What is the pH of a solution prepared by mixing 50.00 mL of 0.10 M NH3 with 25.00 mL of 0.10 M NH4Cl? Assume that the volume of the solutions are additive and that Kb= 1.8 × 10-5 for NH3.
The Henderson-Hasselbalch equation is
pH = pKa + log(base)/(acid)
Remember to change Kb to pKa.
pKa + pKb = pKw = 14
If you convert Kb to pKb you can use the above to convert that to pKa.
9.56
To find the pH of the solution prepared by mixing NH3 and NH4Cl, we need to consider the acid-base equilibrium between these two substances.

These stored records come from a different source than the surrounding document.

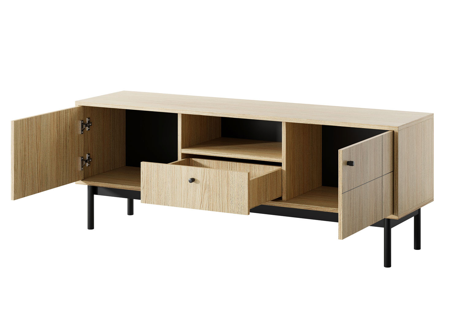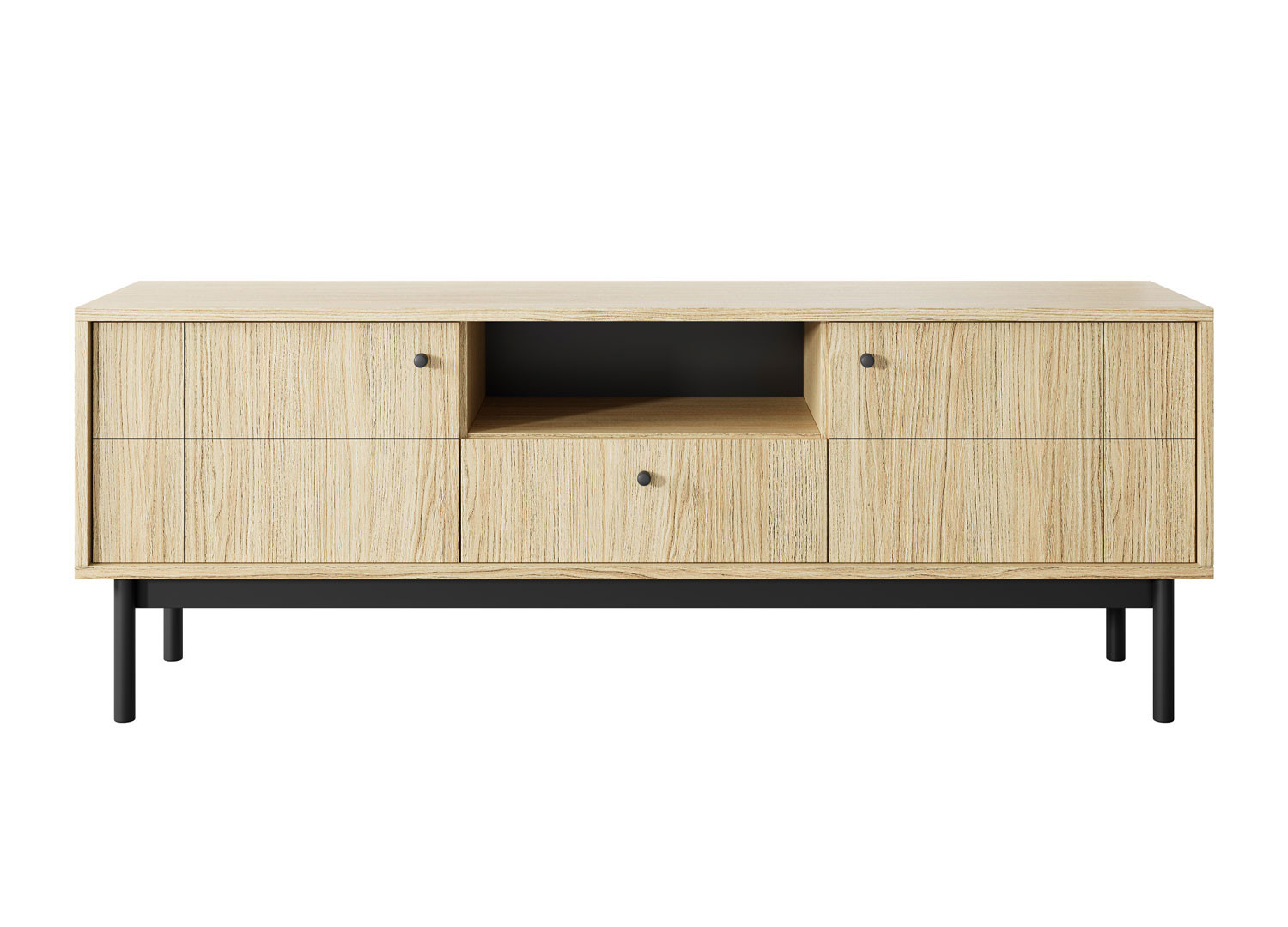 Le meuble TV Japandi de couleur chêne de 153 cm est un meuble qui décline avec élégance le style nordique dans une version pensée pour le salon. Ce meuble TV est composé de deux portes en extrémité, d’un tiroir central coulissant et d'une niche ouverte.
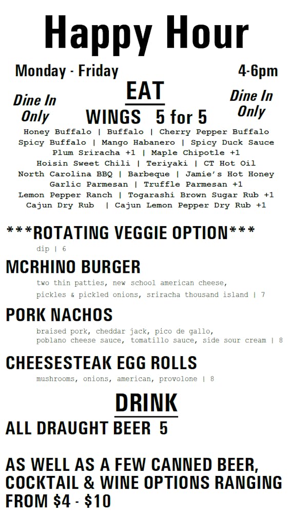 We feature a variety of other snacks - $6 veggie options, $7 McRhinos, $8 Pork Nachos, $8 Cheesesteak Egg Rolls
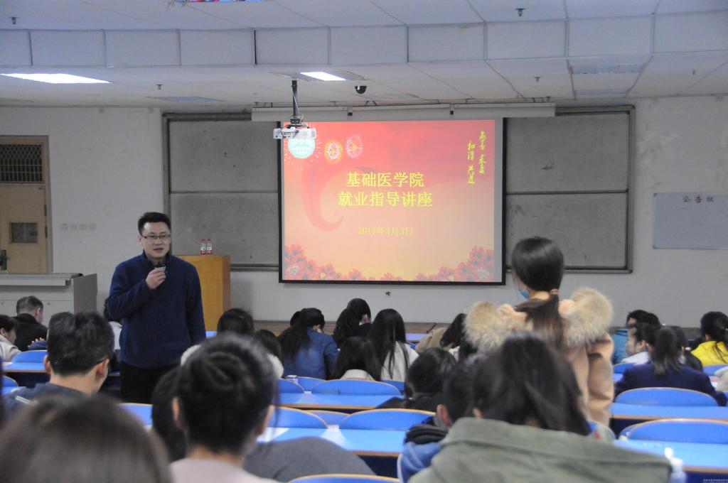 为迎接双选会的到来,解决2017届毕业生就业方面的疑惑,3月3日晚,基础医学院党委副书记朱平生于二楼阶教开展就业指导讲座,2017届毕业生辅导员刘旭初及2017届全体毕业生参加了此次讲座。
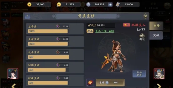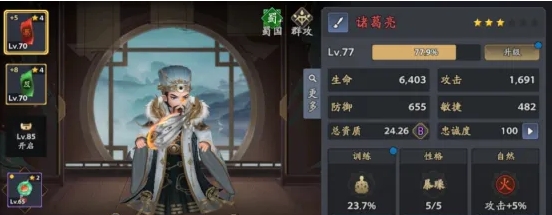 3、65级主线完成后,解锁的性格机制也可以让武将全方位提升,另外训练提升技能和属性;使用“重修丹”有机会触发“灵光一闪”,突破资质上限!
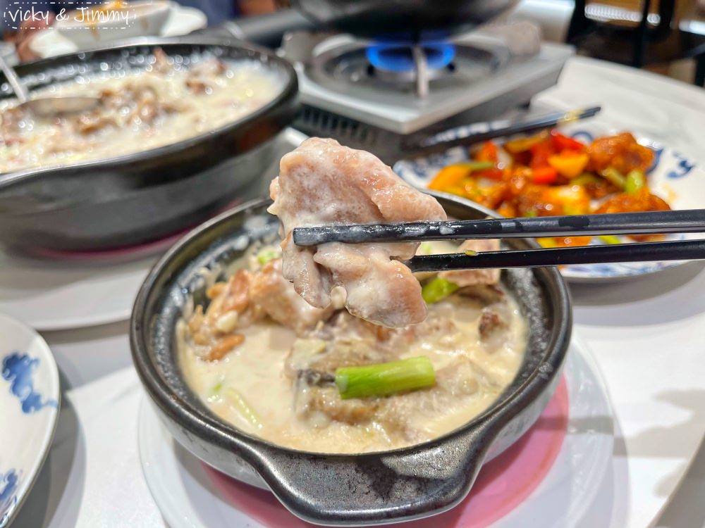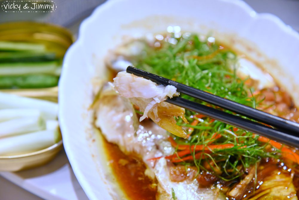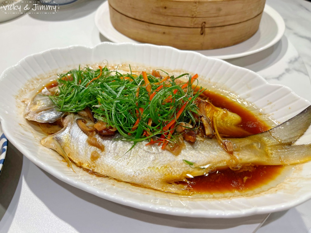 這道是潮州的特色料理,採用新鮮午魚,以清蒸方式,加入潮州冬菜、香菇、蔥絲,魚肉細緻鮮嫩。
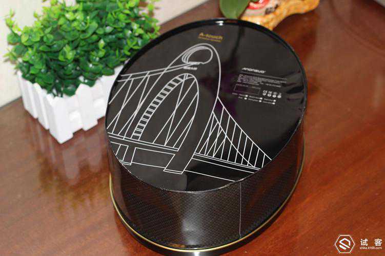 包装盒采用铁皮金属盒,相对于普遍的硬纸盒有些特别,铁皮金属盒有分量、结实,能更有效地避免运输碰撞所造成的损坏,盒子内部也有厚实的硬塑料包裹着,盒子顶盖铺有海绵衬垫,包装相当扎实。盒子的背面图案是阿隆索A-touch音响的创意灵感--广州猎德大桥。
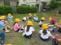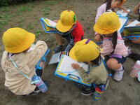 今日は町探検。いつも見慣れた町並みですが、お友達やクラスの仲間と歩くと、少し違った景色に見えたりするのかな。仲良く学校に戻って来れたら満点です。
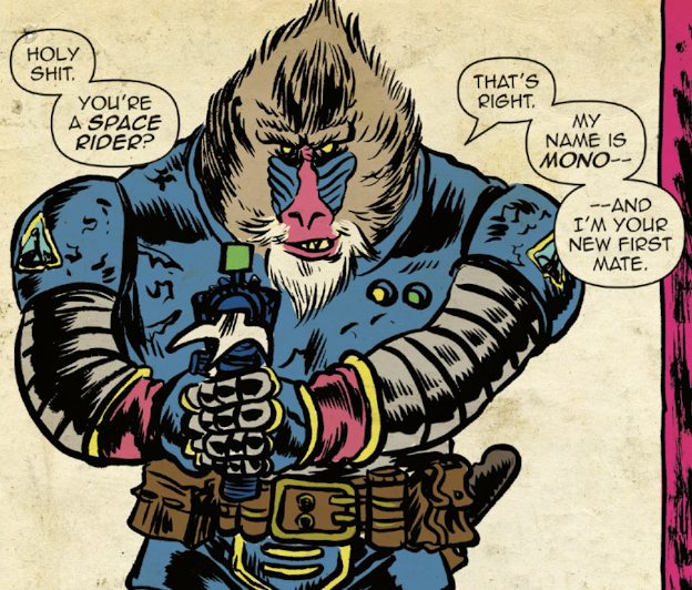 Mono is the ship’s first mate and a genetically engineered baboon/mandrill hybrid. He is a spiritual warrior, combining animalistic strength with a deep sense of honor and mysticism. Mono’s combat skills are matched by his loyalty to Capitán Peligro, and he often serves as the captain’s right hand in battle, providing both muscle and wisdom.

NH3 is a weak base, while NH4Cl is the salt formed by the reaction of NH3 with HCl, a strong acid. When NH4Cl is dissolved in water, it dissociates into NH4+ and Cl- ions. The NH4+ ions can act as an acidic species by donating a proton.
The equilibrium reaction between NH3 and NH4+ can be represented as follows:
NH3 + H2O ⇌ NH4+ + OH-
In this equation, NH4+ acts as an acid (donating a proton) and NH3 acts as a base (accepting a proton).
Since we know the concentrations of NH3 and NH4Cl, we can use the concept of moles and volumes to find the moles of NH3 and NH4+ in the solution.
Moles of NH3 = Concentration of NH3 (0.10 M) × Volume of NH3 (50.00 mL) = 0.10 mol/L × 0.0500 L = 0.00500 mol
Moles of NH4+ = Concentration of NH4Cl (0.10 M) × Volume of NH4Cl (25.00 mL) = 0.10 mol/L × 0.0250 L = 0.00250 mol
Next, we need to calculate the concentration of OH- ions in the solution. Since NH3 is a weak base, it reacts with water to form OH- ions. The reaction is as follows:
NH3 + H2O ⇌ NH4+ + OH-
The concentration of OH- ions can be determined using the Kb value of NH3, which represents the equilibrium constant for the reaction of NH3 with water. In this case, Kb = 1.8 × 10^(-5).
Kb = [NH4+][OH-] / [NH3]
Given the moles of NH3 and NH4+ calculated earlier, we can rearrange this equation to solve for [OH-]:
[OH-] = (Kb × [NH3]) / [NH4+]
[OH-] = (1.8 × 10^(-5) × 0.00500 mol) / 0.00250 mol
[OH-] = 0.036 mol/L
Now, we can find the pOH of the solution by taking the negative logarithm of the OH- concentration:
pOH = -log [OH-] = -log (0.036) = 1.44
Finally, we can find the pH of the solution using the relationship:
pH + pOH = 14
pH = 14 - pOH = 14 - 1.44 = 12.56
Therefore, the pH of the solution prepared by mixing 50.00 mL of 0.10 M NH3 with 25.00 mL of 0.10 M NH4Cl is approximately 12.56.